Наталя Хандусенко AI Eng 7 April 2025, 16:05

DeepSeek is developing a new method to improve LLM reasoning capabilities: it will help guide AI models to human preferences

DeepSeek, together with researchers at Tsinghua University, developed a technique that combines two methods: generative reward modeling (GRM) and self-tuning criticism. This dual approach can help LLM provide better and faster results for common queries.

Leave a comment

DeepSeek is developing a new method to improve LLM reasoning capabilities: it will help guide AI models to human preferences

DeepSeek, together with researchers at Tsinghua University, developed a technique that combines two methods: generative reward modeling (GRM) and self-tuning criticism. This dual approach can help LLM provide better and faster results for common queries.
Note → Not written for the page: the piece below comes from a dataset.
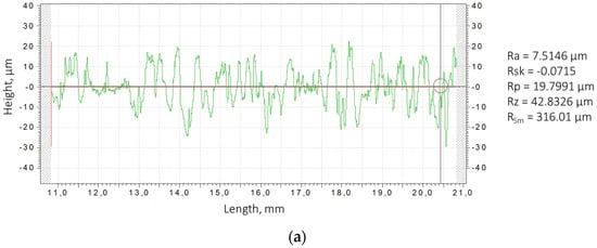 The surface roughness was examined using a Talysurf stylus scanning profilometer (Taylor Hobsson, Leicester, UK), in accordance with the standard method. This enabled roughness profiles to be recorded, from which the arithmetic mean deviation from the mean line was calculated. To obtain adequate statistics, five measurements were performed on each sample. Definitions and parameters for the determination of surface texture by profile methods are compliant with the standard ISO 21920-2:2021. Surface roughness was determined as the mean of five measurements per sample.

The new method aims to help artificial intelligence models better follow human preferences by offering rewards for more accurate and understandable answers, according to a paper published on the arXiv platform.

Reinforcement learning has proven effective in speeding up AI tasks in narrow domains and areas. But extending it to more general models has proven challenging—and that’s exactly the problem the DeepSeek team is trying to solve with what it calls self-tuning criticism .

Generative Reward Modeling (GRM) is a process that guides LLMs toward human preferences and will become a key component of future AI models.

According to the article, the new strategy outperformed existing methods and models in various tests, and the result showed better performance with fewer computational resources.

According to the researchers, DeepSeek intends to make GRM models open, but they do not say when exactly this will happen.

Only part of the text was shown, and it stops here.